---
title: "Cache and downloads"
output: rmarkdown::html_vignette
vignette: >
  %\VignetteIndexEntry{Cache and downloads}
  %\VignetteEngine{knitr::rmarkdown}
  %\VignetteEncoding{UTF-8}
---

```{r, include = FALSE}
knitr::opts_chunk$set(collapse = TRUE, comment = "#>")
```

`datasusr` can cache DATASUS downloads in a local directory so that repeated
calls do not hit the DATASUS FTP again.
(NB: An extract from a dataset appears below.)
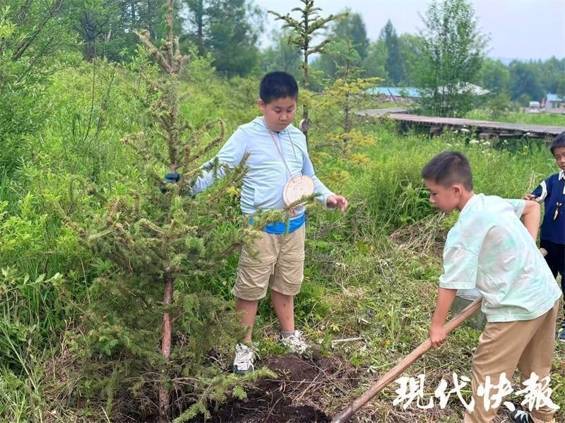 這樣的美麗風(fēng)景讓第一次來到大草原的周云昊很興奮?!拔覀儚漠?dāng)?shù)亓私獾?,這是一代又一代人努力的結(jié)果,讓我們也深切感受到生態(tài)保護(hù)的重要性?!毖袑W(xué)途中,周云昊和小伙伴們還專門在當(dāng)?shù)亓謭?chǎng)種下一棵樹?!跋M芙】甸L(zhǎng)大,成為守護(hù)綠色草原的小衛(wèi)士?!?/p>

This is especially useful when
developing analysis pipelines interactively.

## How caching works

When you call `datasus_download()` with `use_cache = TRUE` (the default),
files are stored in a structured subdirectory tree under the cache folder.
On subsequent calls for the same files, the cached versions are reused
without any network access.

```{r eval = FALSE}
library(datasusr)

downloads <- datasus_fetch(
  source    = "SIHSUS",
  file_type = c("RD", "SP"),
  year      = 2024,
  month     = 1,
  uf        = c("PE", "PB")
)
```

## Configuring the cache directory

By default, downloads are placed in a session-scoped subdirectory of
`tempdir()` (which R cleans up automatically when the session ends), so the
package never writes outside the user-controlled tempdir unless you opt in.

The cache location is resolved in the following order:

1. The `cache_dir` function argument
2. The `DATASUSR_CACHE_DIR` environment variable
3. The `datasusr.cache_dir` R option
4. The session default (`file.path(tempdir(), "datasusr-cache")`)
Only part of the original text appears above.